Boxer: The baby is born when the baby is born. That is the answer to the question  …

It is tough to tell whether the above exchange was as good for Santorum as it was bad for Boxer. Regardless, by the time the reader is exposed to the exchange (on pages 50 and 51) the book’s title seems a whole lot fairer.

On the issue of stem cell research, Ponnuru is equally effective. For example, proponents of the deliberate destruction of embryos often quote statistics concerning the frequency of miscarriages to support their position. The author offers blistering responses such as, "The high natural death rate among ninety-year-olds does not make it all right to burn down nursing homes" and, "The tsunami that occurred in December 2004 does not mean that it’s okay to slaughter Asians." The average reader is probably left wondering just how long it took him to write such a pithy and quotable book. Other authors are left with a combination of sheer enjoyment and utter envy.

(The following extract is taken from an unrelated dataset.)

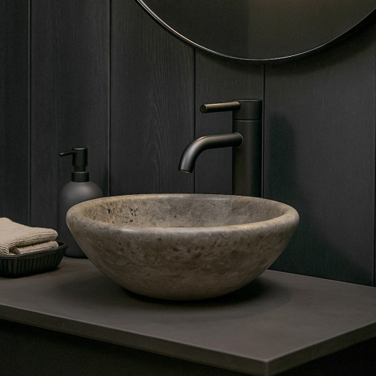 Vasque à poser en travertin, ses lignes harmonieuses vous séduiront.

Another positive aspect of this book comes from the author’s tendency to pose just the right questions, explicitly and implicitly, to supporters of the party of death. Some examples follow:

  • In 1871, the New York Times described the abortionist’s trade as "a systematic business in wholesale murder." What has happened since to change that view?
  • Millions thought that it was right to disconnect Terri Schiavo’s feeding tube so that she would starve to death. Would it be okay to remove her usable organs before removing the tube?
  • Joycelyn Elders once told Congress, "The number of Down’s Syndrome infants in Washington state in 1976 was 64% lower than it would have been without legal abortion." Why did that remark not keep her from being nominated and confirmed as surgeon general of the United States? Did people not understand what she was saying?
  • The New York Times refrains from using the term "partial-birth abortion" - ostensibly because it is not a "medical" term. Why, then, do they use the terms "heart attack" and "female genital mutilation"?

Of course, the answers to these questions are fairly obvious to Republicans - and I suspect they are obvious to most Democrats, too. Armed with the facts and logic of this great book, the former can breathe life into a political climate long devoid of serious intellectual debate. For the latter, the facts and logic may prove to be deadly.